Science Based Target initiative (SBTi)
The Science Based Targets initiative (SBTi) is a collaboration between CDP, the United Nations Global Compact, World Resources Institute (WRI) and the World Wide Fund for Nature (WWF). The SBTi defines and promotes best practice in science-based target setting and independently assesses and approves companies’ targets. Science-based targets provide companies with a clearly defined pathway to future-proof growth by specifying how much and how quickly they need to reduce their greenhouse gas emissions.
Scope 1 carbon (AKA direct emissions): includes a company’s emissions from items such as gas use in boilers, corporate fuel consumption in company cars and emissions from refrigerants used in air conditioning equipment.
Scope 2 carbon (AKA indirect emissions): includes emissions from landlord electricity consumption but excludes occupier electricity usage.
Scope 3 carbon (AKA other indirect emissions): includes items such as emissions from occupier electricity consumption, embodied carbon, business air travel, water and waste.
Streamlined energy and carbon reporting (SECR)
The SECR regulations were introduced in April 2019 and require companies incorporated in the UK to undertake enhanced disclosures of their energy and carbon emissions in their financial reporting. Companies are required to comply with SECR if they have two of the three qualifying conditions; at least 250 employees, an annual turnover greater than £36m and an annual balance sheet total over £18m.
Task Force on Climate-related Financial Disclosures (TCFD)

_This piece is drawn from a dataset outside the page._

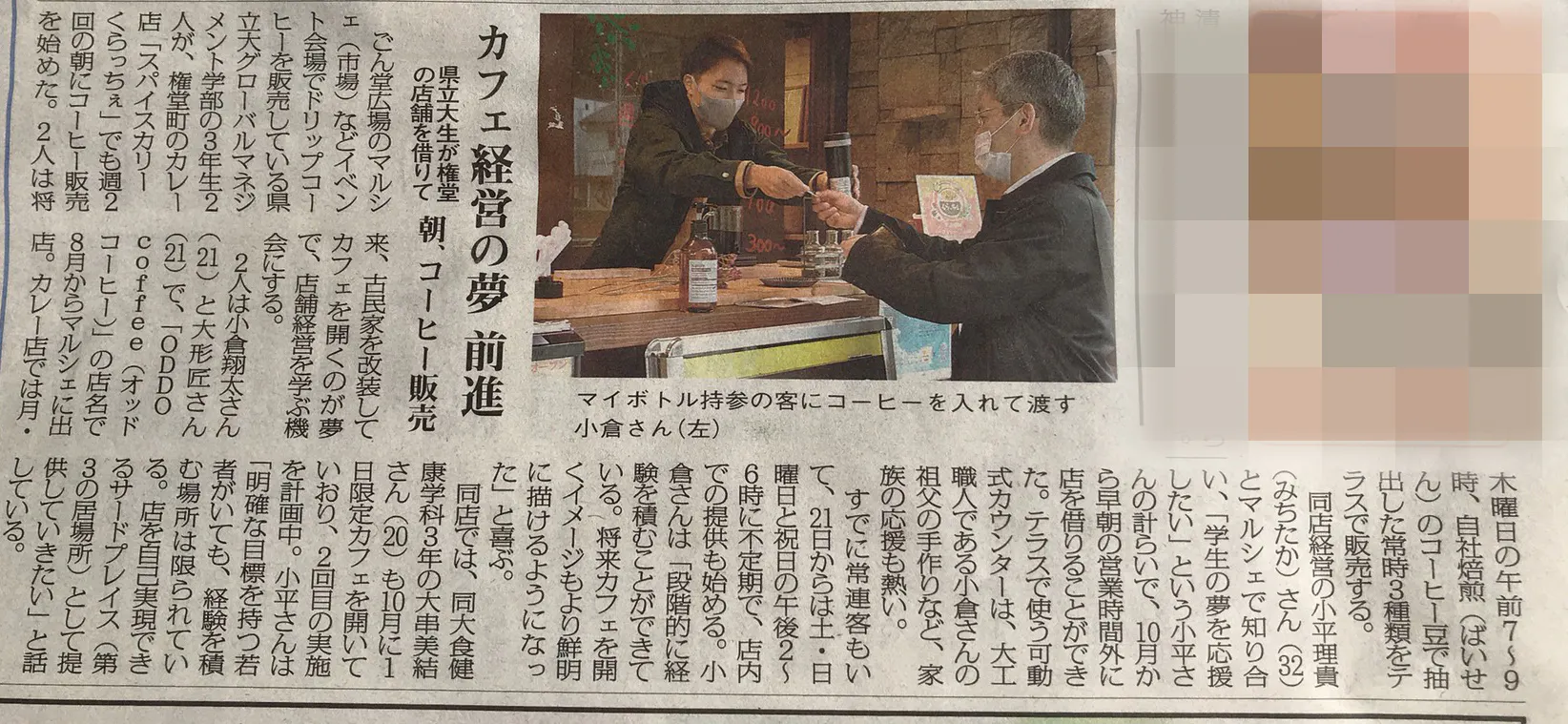 - 朝活コーヒーの新聞記事(長野市民新聞2020年11月14日掲載)

Set up by the Financial Stability Board (FSB) in response to the G20 Finance Ministers and Central Bank Governors request for greater levels of decision-useful, climate-related information; the TCFD was asked to develop climate-related disclosures that could promote more informed investment, credit (or lending), and insurance underwriting decisions. In turn, this would enable stakeholders to understand better the concentrations of carbon-related assets in the financial sector and the financial system’s exposures to climate-related risks.